> **RAW DATA**
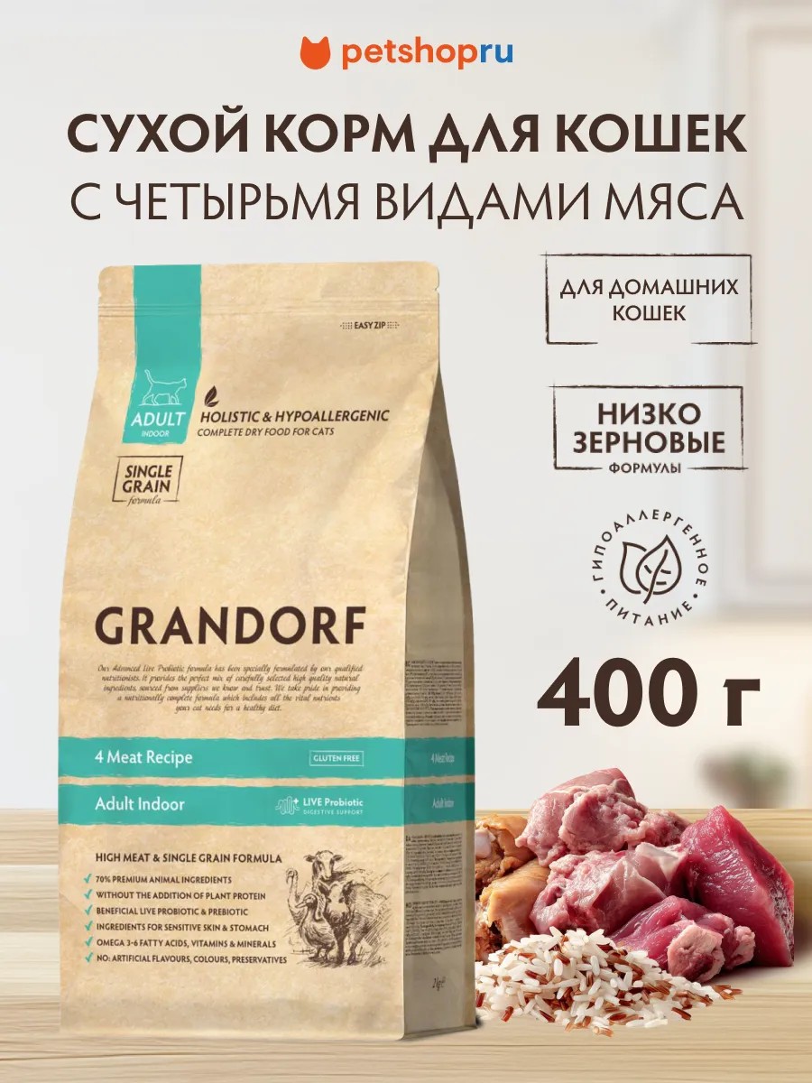 Grandorf корм для домашних кошек Четыре вида мяса Indoor, 0,4 кг
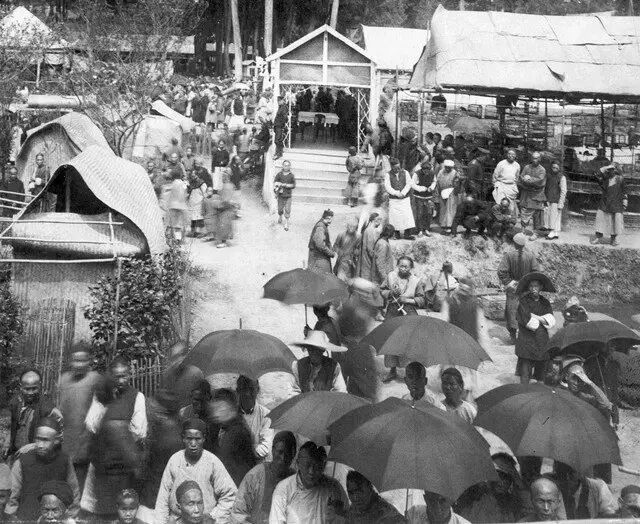 1911年成都传统的花会与鼓励商品制造业的劝业会合并召开,该照片为美国人那爱德(Luther Knight)所摄
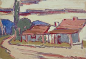 Somewhere near Skagway Alaska she found this scene, reminiscent of her friends in the Algonquin schools work. oil on board, signed, 1923, private collection
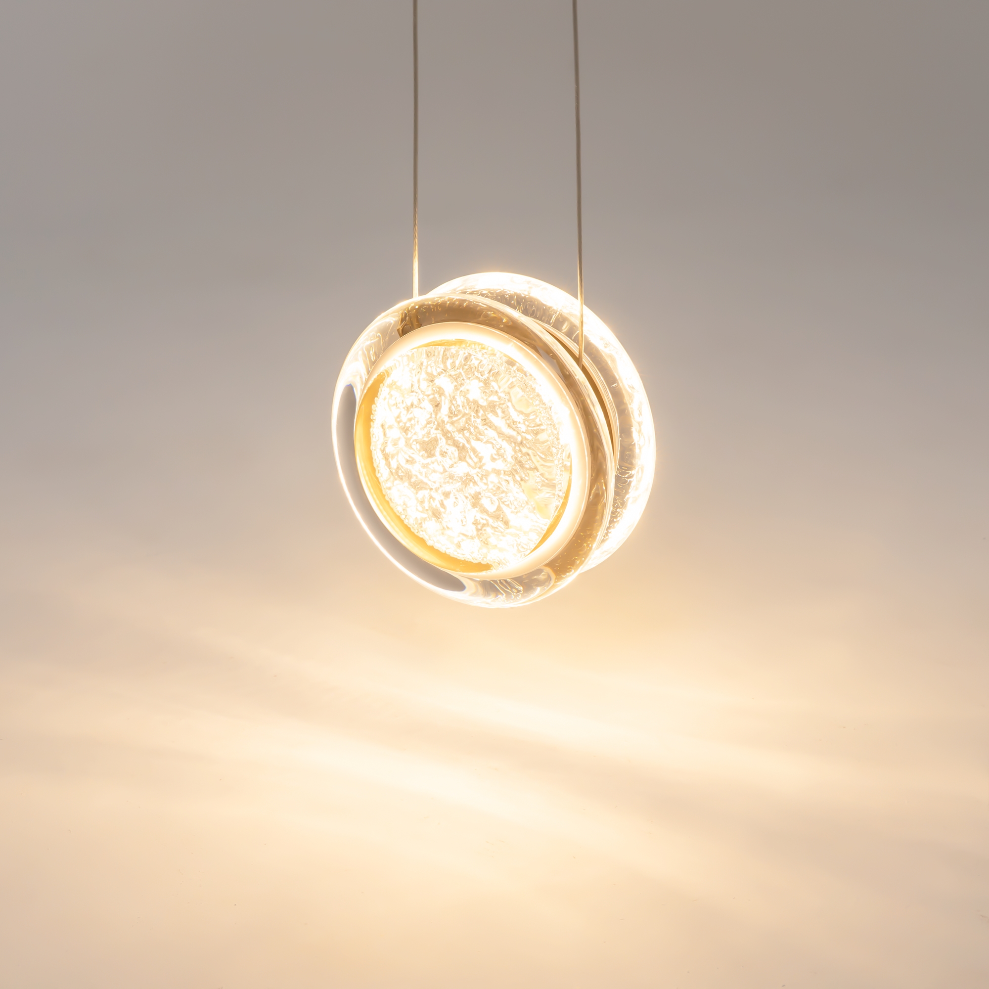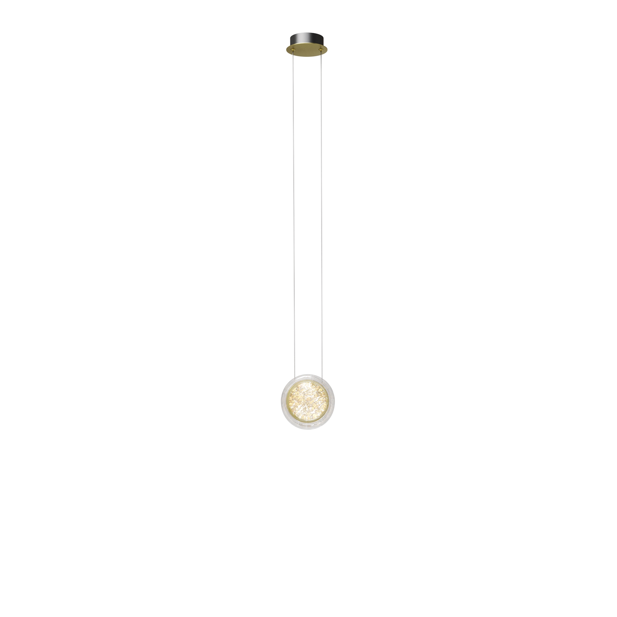 Арматура из металла цвета латунь с сатинированным финишным покрытием сочетается с прозрачными плафонами. Подвесные одинарные, горизонтальный и каскадные светильники оснащаются LED-модулем с двумя плоскими плафонами из акрила со сложным, актуальным паттерном на поверхности. Цветовая температура — 3000К, угол рассеивания — 125 градусов.

> **YOUR ASSIGNMENT**
Extract from the material above the stretch running from the line containing "1911年成都传统的花会与鼓" through the line containing "Somewhere near Skagway". Keep the text exact and the pictures out.

> **PROBLEM SOLUTION**
 1911年成都传统的花会与鼓励商品制造业的劝业会合并召开,该照片为美国人那爱德(Luther Knight)所摄
 Somewhere near Skagway Alaska she found this scene, reminiscent of her friends in the Algonquin schools work. oil on board, signed, 1923, private collection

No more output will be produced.